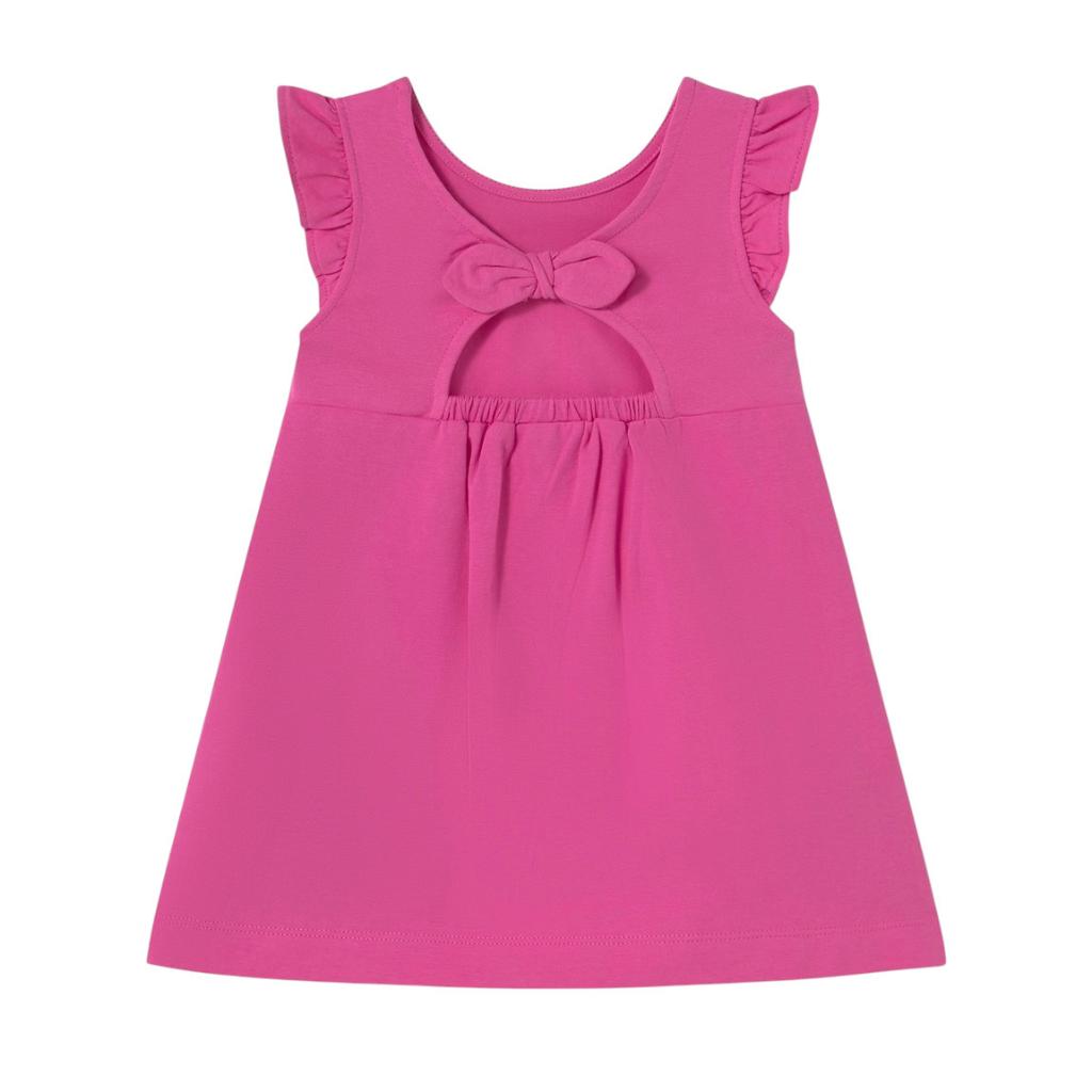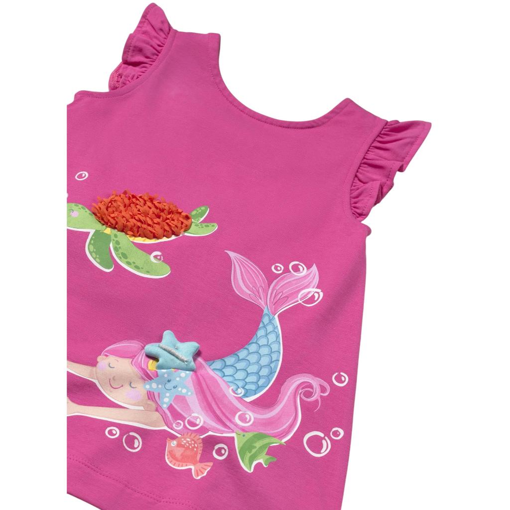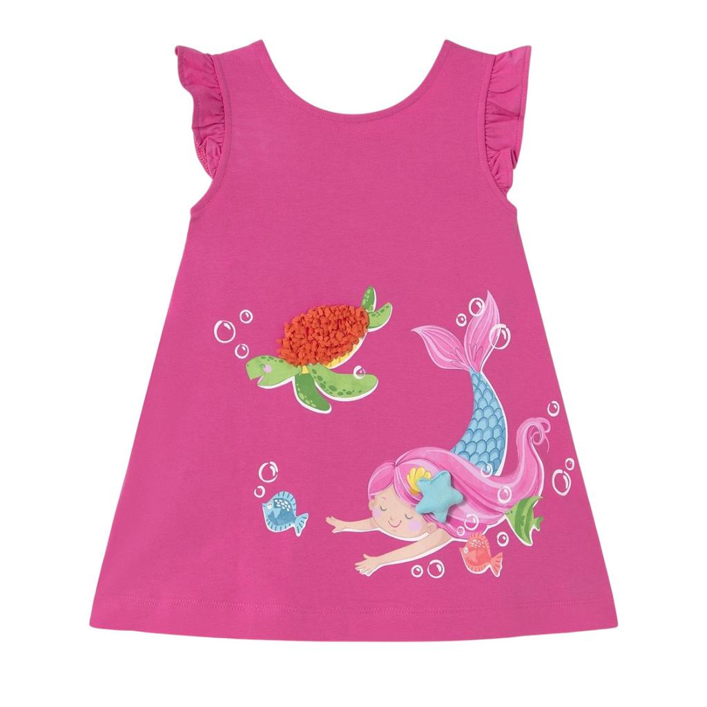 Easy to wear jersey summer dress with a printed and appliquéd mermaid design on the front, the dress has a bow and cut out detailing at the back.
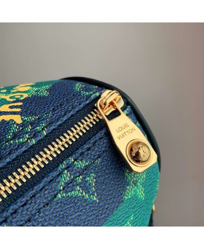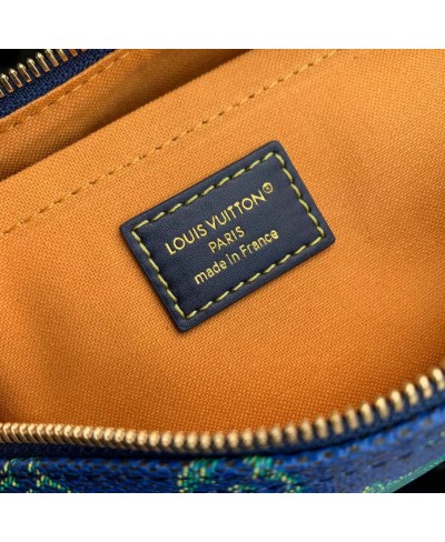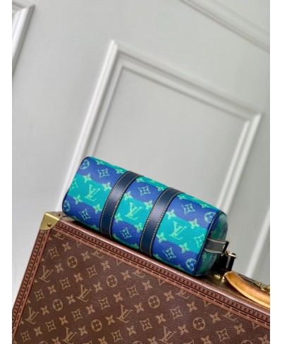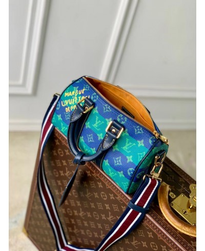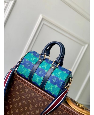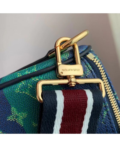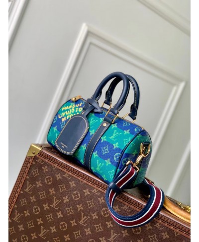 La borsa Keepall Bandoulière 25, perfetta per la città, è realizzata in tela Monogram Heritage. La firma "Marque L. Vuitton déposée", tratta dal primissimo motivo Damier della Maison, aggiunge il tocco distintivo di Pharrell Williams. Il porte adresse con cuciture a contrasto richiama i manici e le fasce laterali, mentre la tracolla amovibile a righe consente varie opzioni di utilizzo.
◆ ◆ ◆ ◆ ◆ ◆ ◆
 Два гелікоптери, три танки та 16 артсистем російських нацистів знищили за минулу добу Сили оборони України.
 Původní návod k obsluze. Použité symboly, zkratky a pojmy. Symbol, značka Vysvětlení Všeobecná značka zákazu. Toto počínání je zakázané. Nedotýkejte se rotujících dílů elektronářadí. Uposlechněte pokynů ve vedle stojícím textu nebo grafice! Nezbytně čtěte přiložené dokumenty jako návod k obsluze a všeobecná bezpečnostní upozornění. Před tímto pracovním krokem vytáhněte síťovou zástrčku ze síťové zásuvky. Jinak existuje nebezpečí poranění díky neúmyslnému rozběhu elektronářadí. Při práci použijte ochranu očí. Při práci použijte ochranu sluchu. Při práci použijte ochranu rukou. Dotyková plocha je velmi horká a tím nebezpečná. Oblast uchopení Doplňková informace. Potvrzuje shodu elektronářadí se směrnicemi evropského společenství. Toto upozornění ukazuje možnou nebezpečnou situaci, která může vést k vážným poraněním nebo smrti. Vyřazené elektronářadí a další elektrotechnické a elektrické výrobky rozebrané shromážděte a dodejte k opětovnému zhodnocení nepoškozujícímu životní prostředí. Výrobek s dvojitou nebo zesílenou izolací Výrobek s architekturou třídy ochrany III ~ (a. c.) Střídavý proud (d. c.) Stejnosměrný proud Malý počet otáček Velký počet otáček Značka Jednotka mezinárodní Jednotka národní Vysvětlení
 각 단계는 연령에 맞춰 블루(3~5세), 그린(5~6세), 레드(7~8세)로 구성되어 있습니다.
◆ ◆ ◆ ◆ ◆ ◆ ◆
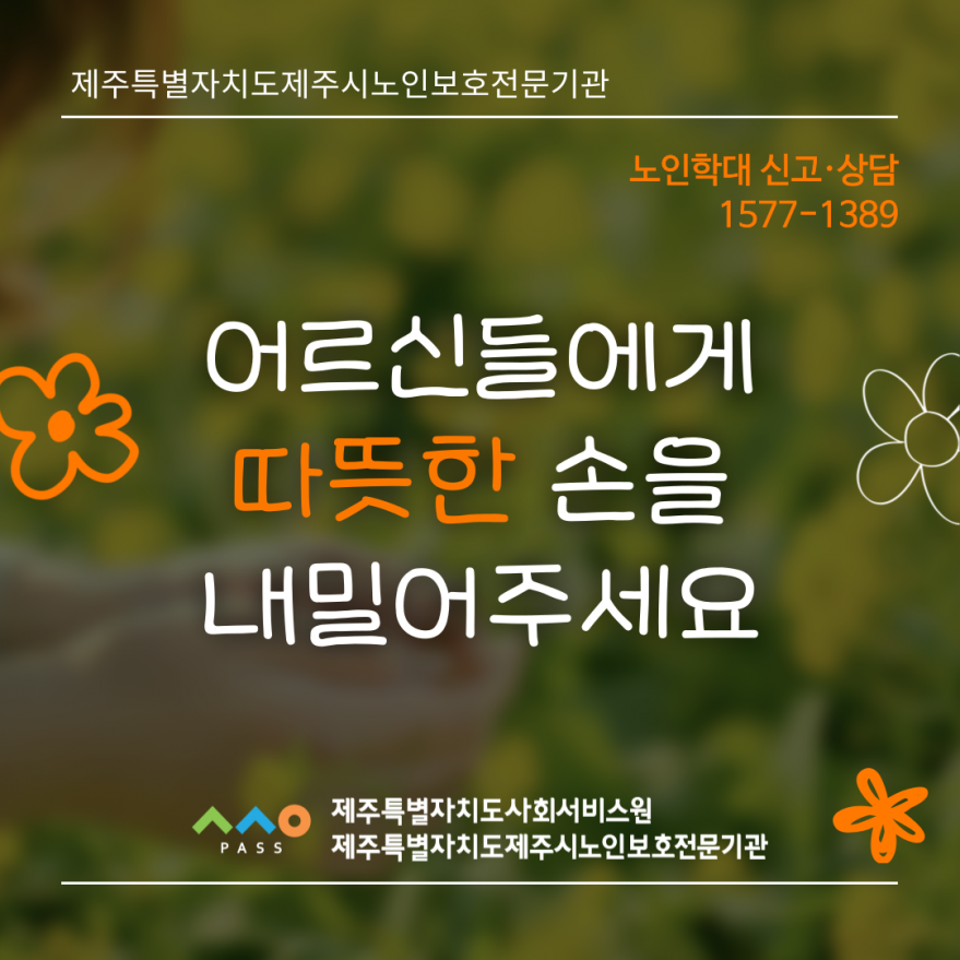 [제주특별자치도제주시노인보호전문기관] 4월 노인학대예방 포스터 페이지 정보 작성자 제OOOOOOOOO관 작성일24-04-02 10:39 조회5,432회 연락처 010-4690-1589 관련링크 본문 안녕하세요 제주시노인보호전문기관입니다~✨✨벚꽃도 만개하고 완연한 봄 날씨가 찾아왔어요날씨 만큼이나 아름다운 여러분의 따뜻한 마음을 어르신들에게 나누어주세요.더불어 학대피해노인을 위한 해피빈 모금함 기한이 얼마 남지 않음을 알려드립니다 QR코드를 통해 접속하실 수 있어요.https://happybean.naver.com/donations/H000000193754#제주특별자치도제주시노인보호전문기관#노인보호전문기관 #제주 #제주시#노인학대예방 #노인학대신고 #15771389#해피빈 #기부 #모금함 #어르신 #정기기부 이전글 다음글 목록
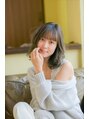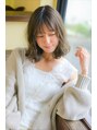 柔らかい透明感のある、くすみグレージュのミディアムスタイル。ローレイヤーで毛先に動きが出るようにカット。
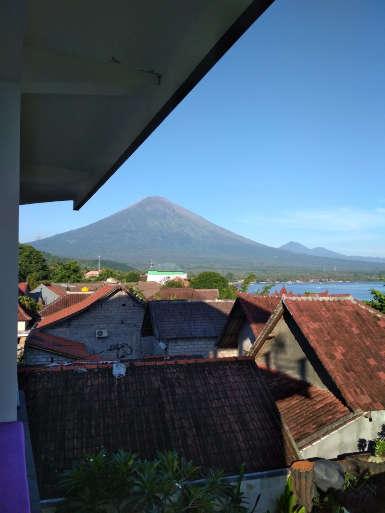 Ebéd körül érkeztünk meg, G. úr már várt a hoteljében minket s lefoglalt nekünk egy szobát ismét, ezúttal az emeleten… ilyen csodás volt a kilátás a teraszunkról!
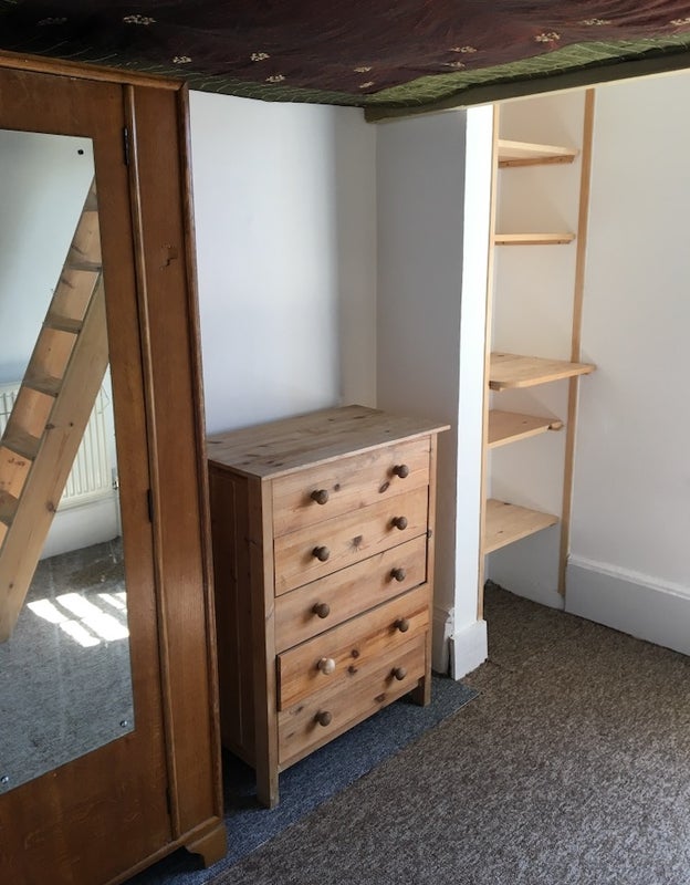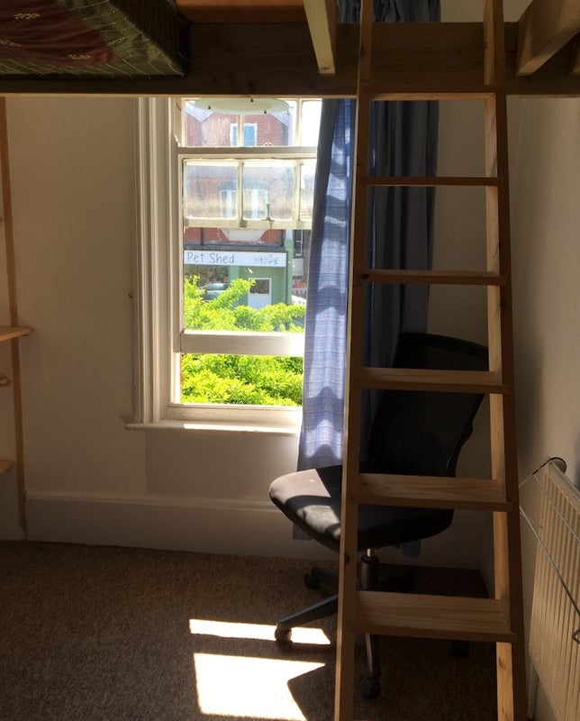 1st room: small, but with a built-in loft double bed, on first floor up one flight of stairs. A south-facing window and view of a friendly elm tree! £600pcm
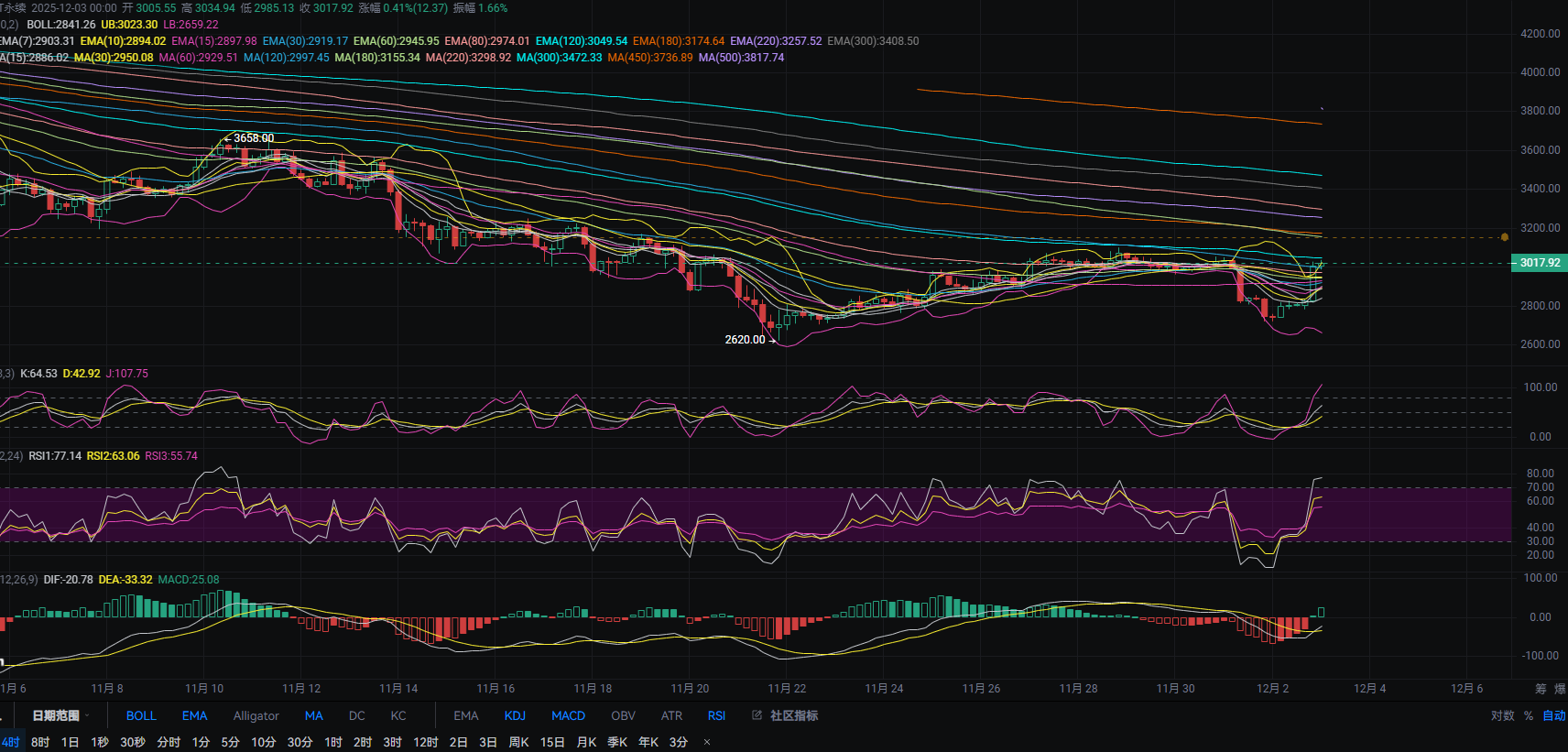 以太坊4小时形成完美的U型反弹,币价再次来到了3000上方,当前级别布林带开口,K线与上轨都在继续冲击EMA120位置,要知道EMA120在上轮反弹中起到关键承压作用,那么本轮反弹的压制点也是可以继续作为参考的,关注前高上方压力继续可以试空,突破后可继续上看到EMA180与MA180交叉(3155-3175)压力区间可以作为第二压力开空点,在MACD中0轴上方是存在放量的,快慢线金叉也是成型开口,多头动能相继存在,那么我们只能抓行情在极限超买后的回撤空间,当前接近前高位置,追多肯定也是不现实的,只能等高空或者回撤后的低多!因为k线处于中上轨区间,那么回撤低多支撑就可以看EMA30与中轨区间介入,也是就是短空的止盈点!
◆ ◆ ◆ ◆ ◆ ◆ ◆
### WORK REQUEST
What do the entries above read from the line containing "Easy to wear" through the line containing "La borsa Keepall"? Output those lines exactly, both ends included, with the pictures left out.

### OUTPUT BELOW
 Easy to wear jersey summer dress with a printed and appliquéd mermaid design on the front, the dress has a bow and cut out detailing at the back.
 La borsa Keepall Bandoulière 25, perfetta per la città, è realizzata in tela Monogram Heritage. La firma "Marque L. Vuitton déposée", tratta dal primissimo motivo Damier della Maison, aggiunge il tocco distintivo di Pharrell Williams. Il porte adresse con cuciture a contrasto richiama i manici e le fasce laterali, mentre la tracolla amovibile a righe consente varie opzioni di utilizzo.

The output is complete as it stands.